Installer fails at "Helm install"

Look at the Helm error message in the installer output. The usual causes:

  • Timeout – the chart's pods aren't reaching Ready in time. Check kubectl get pods -n openlm-infrastructure and look at the failing pod's events.
  • ImagePullBackOff – the VM cannot reach the container image registry. Verify outbound HTTPS to public.ecr.aws and docker.io.
  • Insufficient disk space – run df -h and free up space under /var/lib/rancher/k3s.

After fixing the underlying issue, re-run ./entrypoint.sh. The playbook is idempotent and will pick up where it left off.

Post-install issues

Pod stuck in Pending

kubectl describe pod <pod> -n openlm | tail -20

Look at the Events section. Typical causes:

  • Insufficient memory or CPU – the VM is oversubscribed. Resize the VM or scale non-critical services down.
  • PVC stuck Pendingkubectl get pvc -n openlm-infrastructure. If a PVC is Pending, the storage class can't provision. Check that local-path-provisioner is running in kube-system.

Pod stuck in ImagePullBackOff

kubectl describe pod <pod> -n openlm | grep -i image

The image tag listed there should be valid in public.ecr.aws/r3q3q2f4/. If it looks right, it is a network problem:

curl -I https://public.ecr.aws/r3q3q2f4/olm-server/manifests/latest 2>&1 | head -5

Any TLS or timeout error here means the VM cannot reach the registry – fix the proxy or firewall.

If the tag looks wrong or unknown, the deployment package may be corrupted; re-download from OpenLM.

Pod stuck in CrashLoopBackOff

kubectl logs <pod> -n openlm --previous --tail 100

The --previous flag is critical – it shows the logs from the last crashed container, not the empty new one. Common patterns:

  • Database connection failure – the service cannot reach its database. Check that mariadb-0, postgres-postgresql-0, and mongodb-0 are Running, and that the passwords in passwords.yaml match what the databases were initialized with.
  • Kafka topic missing – the service expects a topic that wasn't created. Re-run the topics creation script (see Missing Kafka topics).
  • Schema mismatch – the database schema is out of date. The AllDbUpgradeAPI service migrates schemas on startup; verify it is Running and check its logs.

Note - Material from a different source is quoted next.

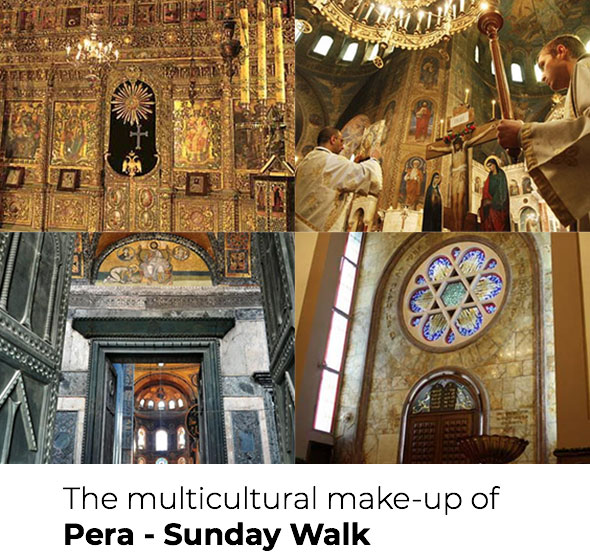 This special experience offers a chance to follow the footsteps and religious rituals of different communities inhabiting the old Istanbul district of Pera settlement history dates back to the 5th century AD. Venetian and Genoese: Pera was home to Catholic Venetian and Genoese immigrants referred as "Levant" meaning "Eastern" in French. The Levant culture left its mark in the architectural facade of this area. Many of the monuments and landmarks carry the traces of this culture. From Spain to Constantinople: Sephardic Jews were another society who played an important role in the development of culture and business of Pera area. Ottoman Turks of Istanbul: Needless to say, Turks have also been permanent residents of the city since 1453 and they added to the richness of the area through their Muslim traditions and culinary culture. Today, it is one of the very few places in Istanbul where the sound of Ezan (Muslim call to prayer) and the bells of Catholic Churches get mixed up in the air. Starting from an Armenian Gregorian Church you will visit one per each house of worship. |

The OpenLM URL returns 404 or Bad Gateway

# Is Traefik routing the request?
kubectl logs -n kube-system -l app.kubernetes.io/name=traefik --tail 50

# Does the ingress exist?
kubectl get ingress -n openlm | grep <path-prefix>

If the expected ingress doesn't exist, the platform Helm release didn't install fully – re-run ./entrypoint.sh.

TLS / certificate errors in the browser

  • NET::ERR_CERT_AUTHORITY_INVALID – the certificate is self-signed or from a CA the browser doesn't trust. Expected for non-production setups.
  • NET::ERR_CERT_COMMON_NAME_INVALID – the certificate doesn't cover the FQDN you're using. Re-issue the certificate for the right name and re-run the installer – it re-reads the certificate files and updates the Kubernetes secret.
  • "certificate has expired" – re-issue and re-run as above. The installer always overwrites the certificate secret with the current file contents.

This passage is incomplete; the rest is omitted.